**Your goal:** Although the entries contain pictures, only their text goes into the copy, set down exactly.

[Recorded data]
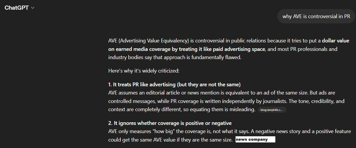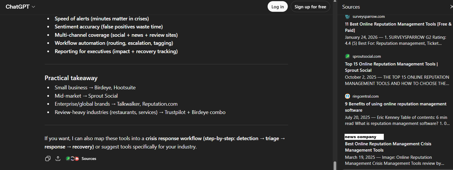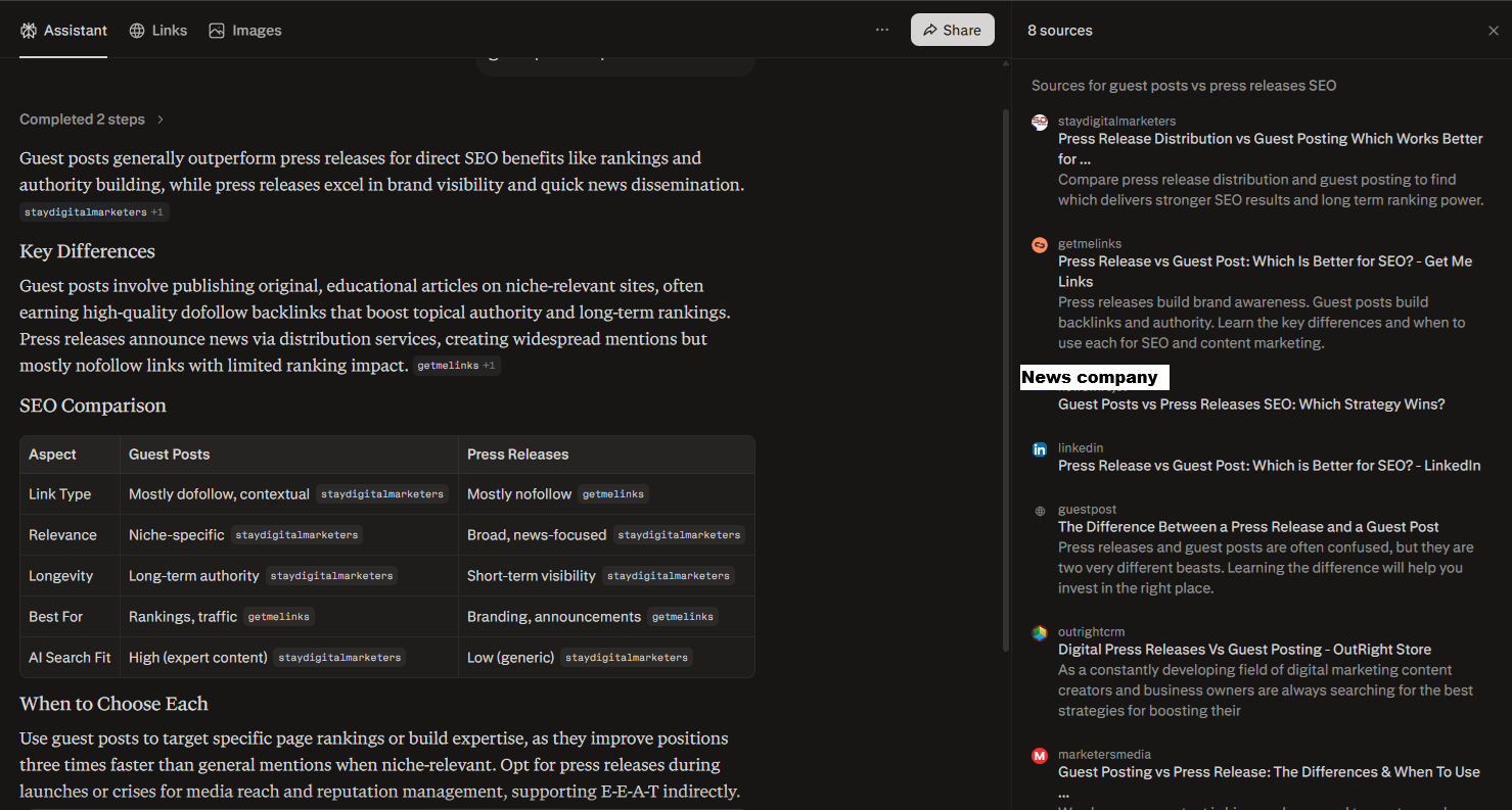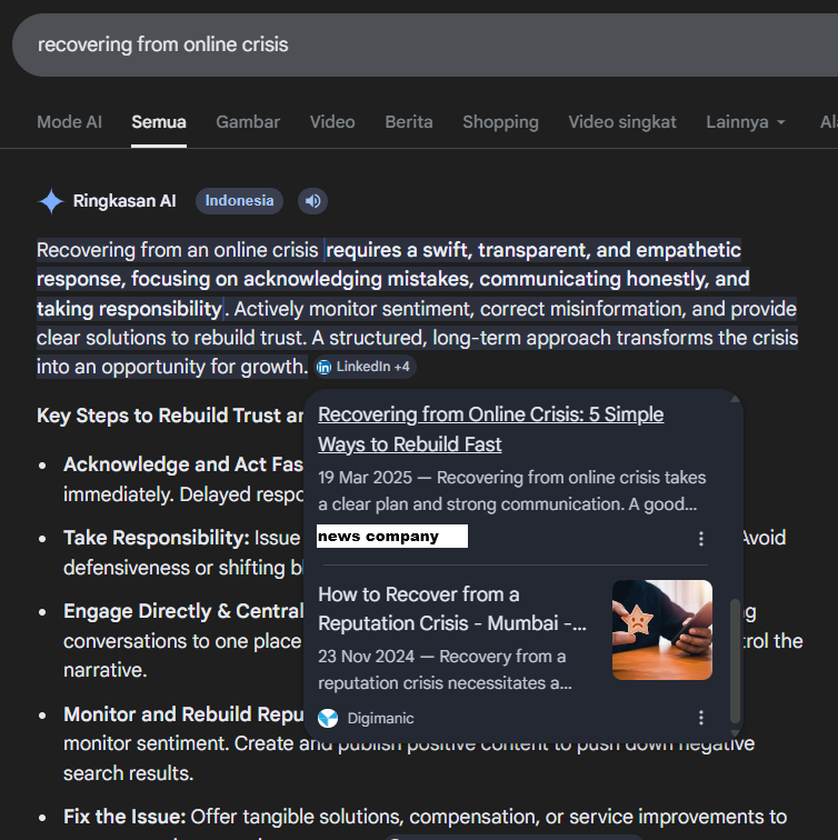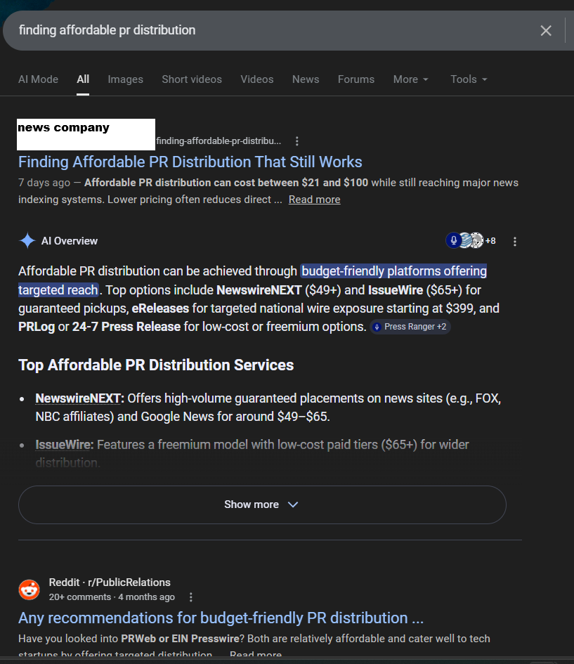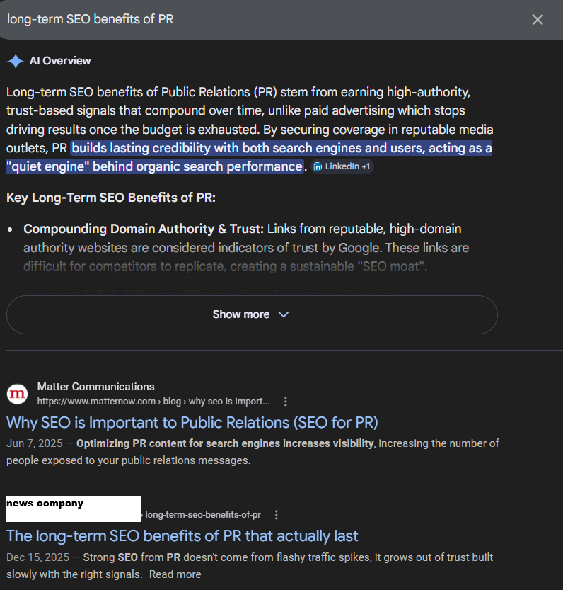 - Check the sources listed at the bottom of the AI answer. Look for the News Company domain.
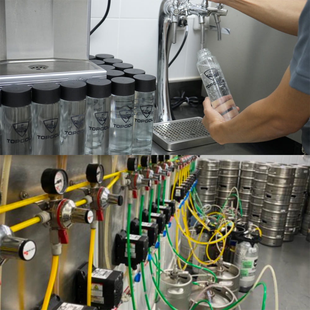 ท็อปกอล์ฟ เมกาซิตี้ มุ่งมั่นที่จะกำจัดขยะพลาสติกแบบใช้ครั้งเดียว ด้วยการไม่ใช่สิ่งที่จะก่อให้เกิดขยะพลาสติกตั้งแต่ก่อนที่จะเข้าสู่การดำเนินงาน ยกตัวอย่างเช่น น้ำเปล่าของท็อปกอล์ฟมาจากระบบกรองน้ำแร่ของ Nordaq ซึ่งช่วยลดความจำเป็นในการใช้ขวดพลาสติกหรือขวดแก้ว นอกจากนี้ เครื่องดื่มน้ำอัดลมยังผสมกันสดๆ โดยใช้เครื่อง Post-Mix เพื่อหลีกเลี่ยงการใช้กระป๋องและขวดน้ำอัดลม นอกจากนี้ท็อปกอล์ฟยังวางระบบเบียร์สดแบบ 34 ก๊อก ซึ่งจะช่วยลดขยะจากขวดและกระป๋องเบียร์แบบปกติได้อย่างมาก และทำให้ในปี 2566 ท็อปกอล์ฟสามารถลดขยะจากเบียร์ขวดใหญ่ได้ถึง 65,000 ขวด ขวดน้ำ 6,000 ขวด และน้ำอัดลมขวดลิตรจำนวนถึง 1,400 ขวดเลยทีเดียว
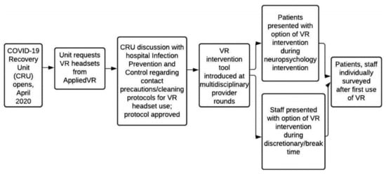 A flowchart describing the implementation of the VR tool within COVID-19 in a COVID-19 recovery unit (CRU). Reprinted from Kolbe et al., (2021) [64], Copyright (2022) with permission of Elsevier.
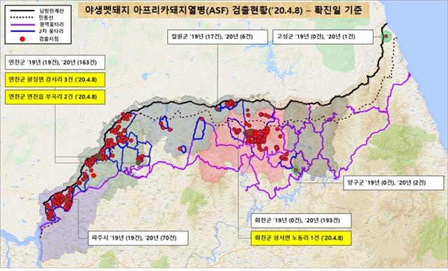 [ASF본부] 화천,연천 멧돼지 폐사체 6개체(4/6) ASF바이러스 검출(4/8,누적496건) |
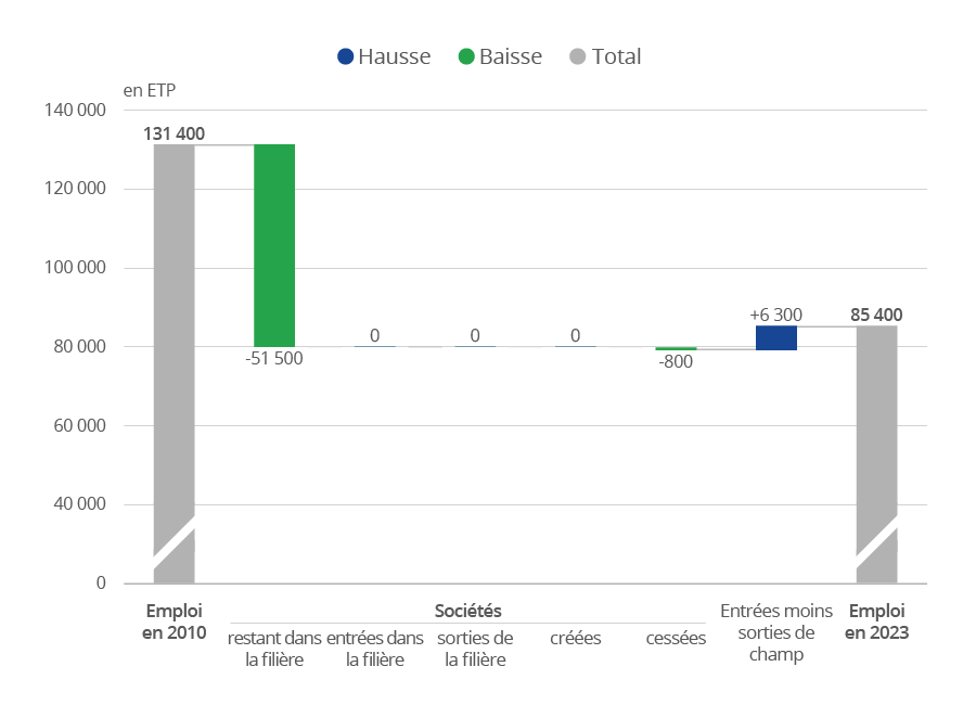 Si l’enquête de 2023 porte sur l’ensemble des activités de la filière automobile (y compris celles des secteurs non industriels), celle de 2010 ne porte que sur des secteurs manufacturiers. Par ailleurs, l’enquête de 2010 est exhaustive pour les sociétés de 20 salariés ou plus, alors que celle de 2023 l’est au‑delà d’un seuil spécifique à chaque secteur (0, 5, 10, 50 ou 100 salariés selon le code APE de la société) [Camille et al., 2026]. Enfin, quelques secteurs manufacturiers faisaient partie du champ de l’enquête en 2010, mais pas en 2023. Pour que les évolutions ne soient pas biaisées par ces différences de contour des enquêtes, les analyses sont restreintes aux sociétés des secteurs manufacturiers, de taille suffisante pour appartenir au champ de chacune des deux enquêtes, y compris celles cessées après 2010 et celles créées après 2010. Ainsi 206 sociétés, comptabilisant 35 600 ETP, faisaient partie du champ de l’enquête en 2010 mais pas de celle de 2023 (notamment parce qu’elles ont changé de secteur, ou parce que leur effectif salarié est sous le seuil d’interrogation de l’enquête de 2023) ; réciproquement, 349 sociétés manufacturières, comptabilisant 37 500 ETP, qui ont été interrogées en 2023 ne faisaient pas partie du champ de l’enquête de 2010. En matière d’emploi, ces entrées et sorties de champ se compensent globalement dans l’évolution des sociétés industrielles de la filière. Certaines sociétés industrielles dans la filière en 2010 peuvent continuer à fournir l’industrie automobile, mais en ayant changé d’activité principale (et inversement, des sociétés de service ayant une activité industrielle destinée à l’industrie automobile en 2010 sont devenues des sociétés industrielles en 2023). Ces sociétés ne sont pas dans le champ de cette analyse.
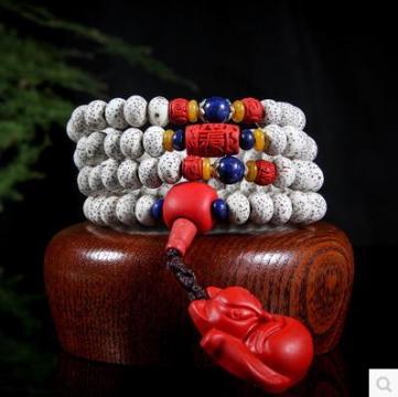 山人堂 海南天然顺白高密苹果珠星月菩提朱砂大狐狸佛珠手链批发
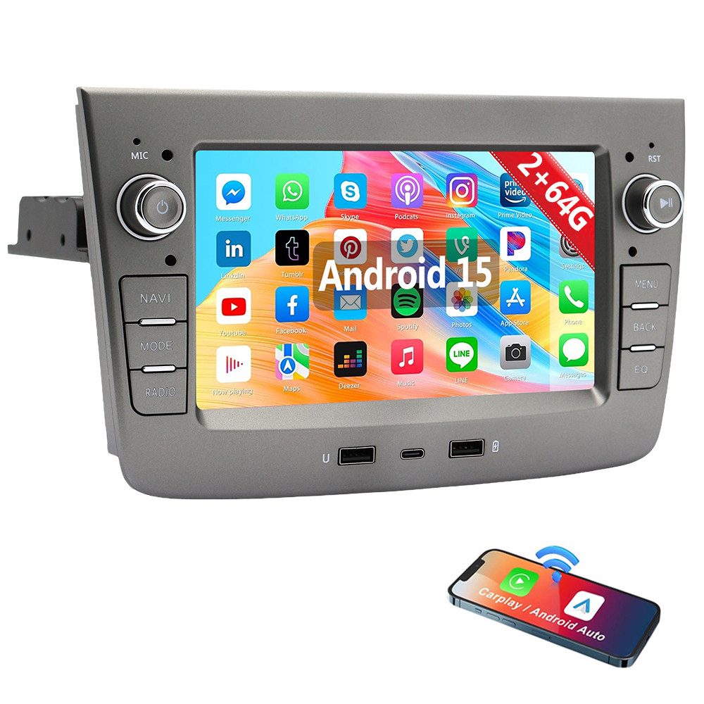 7'' Radio für Alfa Romeo Mito Android 15 Auto GPS Navi Carplay : Das Android Autoradio mit 7" 1024* 600 HD kapazitivem Touchscreen, 2GB RAM und 64GB ROM /4GB RAM und 64GB ROM ermöglicht das Herunterladen Ihrer Lieblings-Apps und -Videos, damit das Autofahren nicht mehr langweilig wird. Kein zusätzlicher Rahmen, kein Kabelwechsel, Plug and Play. Es wird mit Canbus geliefert und unterstützt die meisten Originalfunktionen: Lenkradsteuerung, Rückwärtssignale und Lesen von Original-Computerdaten usw.
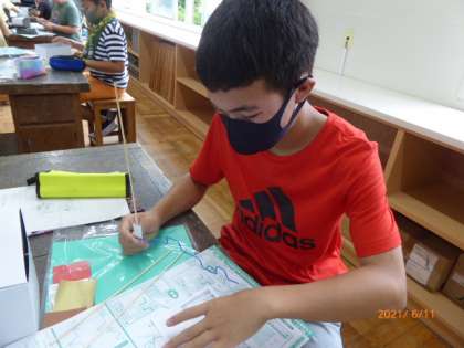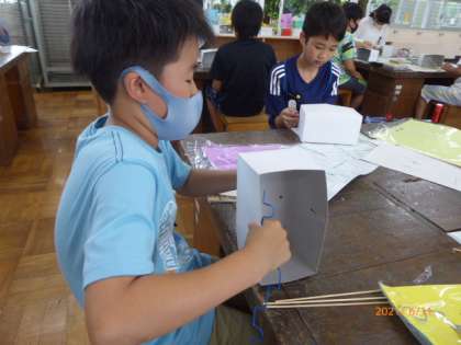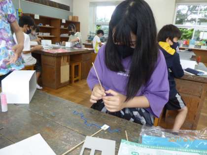 6年1組が図工で「くるくるクランク」の制作に入りました。まずは内部の仕組みからです。クランク軸を箱の中にセットして、軸に支柱を立てていきます。支柱の先に取り付けるキャラクターはこれからですね。

**Expected answer:**
 - Check the sources listed at the bottom of the AI answer. Look for the News Company domain.
 ท็อปกอล์ฟ เมกาซิตี้ มุ่งมั่นที่จะกำจัดขยะพลาสติกแบบใช้ครั้งเดียว ด้วยการไม่ใช่สิ่งที่จะก่อให้เกิดขยะพลาสติกตั้งแต่ก่อนที่จะเข้าสู่การดำเนินงาน ยกตัวอย่างเช่น น้ำเปล่าของท็อปกอล์ฟมาจากระบบกรองน้ำแร่ของ Nordaq ซึ่งช่วยลดความจำเป็นในการใช้ขวดพลาสติกหรือขวดแก้ว นอกจากนี้ เครื่องดื่มน้ำอัดลมยังผสมกันสดๆ โดยใช้เครื่อง Post-Mix เพื่อหลีกเลี่ยงการใช้กระป๋องและขวดน้ำอัดลม นอกจากนี้ท็อปกอล์ฟยังวางระบบเบียร์สดแบบ 34 ก๊อก ซึ่งจะช่วยลดขยะจากขวดและกระป๋องเบียร์แบบปกติได้อย่างมาก และทำให้ในปี 2566 ท็อปกอล์ฟสามารถลดขยะจากเบียร์ขวดใหญ่ได้ถึง 65,000 ขวด ขวดน้ำ 6,000 ขวด และน้ำอัดลมขวดลิตรจำนวนถึง 1,400 ขวดเลยทีเดียว
 A flowchart describing the implementation of the VR tool within COVID-19 in a COVID-19 recovery unit (CRU). Reprinted from Kolbe et al., (2021) [64], Copyright (2022) with permission of Elsevier.
 [ASF본부] 화천,연천 멧돼지 폐사체 6개체(4/6) ASF바이러스 검출(4/8,누적496건) |
 Si l’enquête de 2023 porte sur l’ensemble des activités de la filière automobile (y compris celles des secteurs non industriels), celle de 2010 ne porte que sur des secteurs manufacturiers. Par ailleurs, l’enquête de 2010 est exhaustive pour les sociétés de 20 salariés ou plus, alors que celle de 2023 l’est au‑delà d’un seuil spécifique à chaque secteur (0, 5, 10, 50 ou 100 salariés selon le code APE de la société) [Camille et al., 2026]. Enfin, quelques secteurs manufacturiers faisaient partie du champ de l’enquête en 2010, mais pas en 2023. Pour que les évolutions ne soient pas biaisées par ces différences de contour des enquêtes, les analyses sont restreintes aux sociétés des secteurs manufacturiers, de taille suffisante pour appartenir au champ de chacune des deux enquêtes, y compris celles cessées après 2010 et celles créées après 2010. Ainsi 206 sociétés, comptabilisant 35 600 ETP, faisaient partie du champ de l’enquête en 2010 mais pas de celle de 2023 (notamment parce qu’elles ont changé de secteur, ou parce que leur effectif salarié est sous le seuil d’interrogation de l’enquête de 2023) ; réciproquement, 349 sociétés manufacturières, comptabilisant 37 500 ETP, qui ont été interrogées en 2023 ne faisaient pas partie du champ de l’enquête de 2010. En matière d’emploi, ces entrées et sorties de champ se compensent globalement dans l’évolution des sociétés industrielles de la filière. Certaines sociétés industrielles dans la filière en 2010 peuvent continuer à fournir l’industrie automobile, mais en ayant changé d’activité principale (et inversement, des sociétés de service ayant une activité industrielle destinée à l’industrie automobile en 2010 sont devenues des sociétés industrielles en 2023). Ces sociétés ne sont pas dans le champ de cette analyse.
 山人堂 海南天然顺白高密苹果珠星月菩提朱砂大狐狸佛珠手链批发
 7'' Radio für Alfa Romeo Mito Android 15 Auto GPS Navi Carplay : Das Android Autoradio mit 7" 1024* 600 HD kapazitivem Touchscreen, 2GB RAM und 64GB ROM /4GB RAM und 64GB ROM ermöglicht das Herunterladen Ihrer Lieblings-Apps und -Videos, damit das Autofahren nicht mehr langweilig wird. Kein zusätzlicher Rahmen, kein Kabelwechsel, Plug and Play. Es wird mit Canbus geliefert und unterstützt die meisten Originalfunktionen: Lenkradsteuerung, Rückwärtssignale und Lesen von Original-Computerdaten usw.
 6年1組が図工で「くるくるクランク」の制作に入りました。まずは内部の仕組みからです。クランク軸を箱の中にセットして、軸に支柱を立てていきます。支柱の先に取り付けるキャラクターはこれからですね。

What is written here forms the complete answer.